И опять больно падает дневник на колени. – Господи, Господи, дай чистоты! Дай чистоты, Господи! Избави от боли, от лжи, от грязи!..
День. Воздух в морозе, желт, как воск, – желто, как воск, солнце. На стеклах окон ожелченные солнцем веера и хвощи инея. В комнатах бодрый холод, тишина, пустынность, восковые лучи ложатся на каменный пол. Термометр стоит на тридцати двух, – там, за замерзшим окном. Илья говорил утром, что на дворе валяются замерзшие галки.
Падает дневник на колени, падают на колени слезы. Пустыня дня – пустыня дней.
И опять телефонный звонок…
…Сочельник под новогодье. В загородной усадьбе Камыниных, теперь советском имении, в сочельник, под новогодье, военспецы дивизиона устраивали вечеринку.
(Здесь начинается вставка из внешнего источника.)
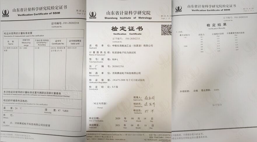 為了更好的交付這批設(shè)備,確保設(shè)備測試數(shù)據(jù)的準確性,濟南賽成儀器向山東省計量科學(xué)研究院提出了檢定申請。依據(jù)JJG475-2008電子式萬能試驗機的檢定規(guī)程,省計量院工作人員對XLW-L包裝袋電子拉力試驗機的精度和誤差等進行了檢定,經(jīng)檢定結(jié)論達到0.5級,檢定結(jié)果合格。2020年8月9日獲得山東省計量科學(xué)研究院頒發(fā)的檢定證書,獲得的這份檢定證書,進一步證明了濟南賽成儀器符合預(yù)定要求和質(zhì)量要求,測量結(jié)果準確,儀器持續(xù)可靠,性能穩(wěn)定。
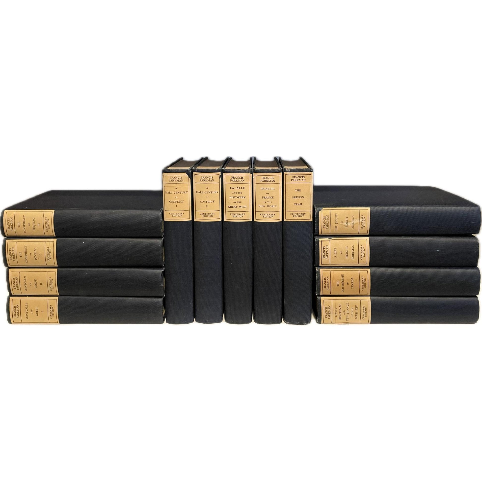 Description: The works of historian Francis Parkman and a biography of the author, complete in 13 volumes. Centenary Edition. Black-and-white frontispieces. Bound in publisher's full navy cloth over boards, with paper title label lettered in blue on spine and additional title label tipped-in at rear endpaper. 8.25 x 5.5 inches; 20 inches of shelf space; 13 volumes (various pagings). Bindings with moderate wear and spots of soiling, small chips to edges of some title labels, and foxing at text edges. Very Good. An attractive set.

Колонный дом, простоявший столетие, оттапливали за несколько дней, и все же в нем было сыро и холодно. И потому, что дом был растащен, в нем не нашлось ламп, и вечером освещали его лучинами. Оркестр играл во мраке, без нот, врал отчаянно, и все же играл, на хорах, в белой зале. Одни уехали еще утром, чтобы в деревне провести день, кататься на лыжах и гулять, другие приехали прямо к ужину. В каждом городе находилась особая порода барышень, которые имели одно – увеселяться: – на этом вечере этих барышень было очень много. Вечером в лесу, на опушке, компания лыжников зажигала на веселой елочке две свечи, плясала около веселой елочки, потом елочку сожгли. Ночь пришла глубокая и безмолвная с мириадами звезд и с инеем, горящим как звезды. В ободранной гостиной накрыт был ужин, вестовые светили лучинами. Люди, в шинелях, в шубах и шапках, пели, ели и пили. Оркестр играл очень громко, но никто не танцевал. После ужина опять пили: – было событие: писатель Камынин, бывший хозяин, своим ключом отпер потайной шкаф с винами, иные вина прокисли, иные коньяки и водки повыдохлись, – но их пили под «ура», под «Умрешь – похоронят» и под «Гаудеамус». Вин, коньяков и водок (пусть выдохшихся) в шкафу оказалось больше, чем было надо, чтобы устроить кавалерийскую атаку – было ужасно весело, и несколько барышень, забравшись на камин, пересели на спины военспецов, изображавших горячих коней, – это называлось кавалерийской атакой. Атака помчалась с визгом по темным комнатам. В диванной у круглого стола завязалась «железка». Во всех темных комнатах уже слышались шепоты и писки. В зале, вдалеке от диванной, гремел оркестр, в диванной пополз махорочный дым, в диванной тоже был камин и с камина отъезжали кавалерийские пары, в диванной чадили лучины. В диванной, на окне, за диваном, Камынин нашарил книгу, книга была Евангелием, и Камынин, расставив ноги, став у лучины, прочел вслух, наудачу:
А наемник, не пастырь, которому овцы не свои, видит приходящего волка и оставляет овец и бежит, и волк расхищает овец и разгоняет их.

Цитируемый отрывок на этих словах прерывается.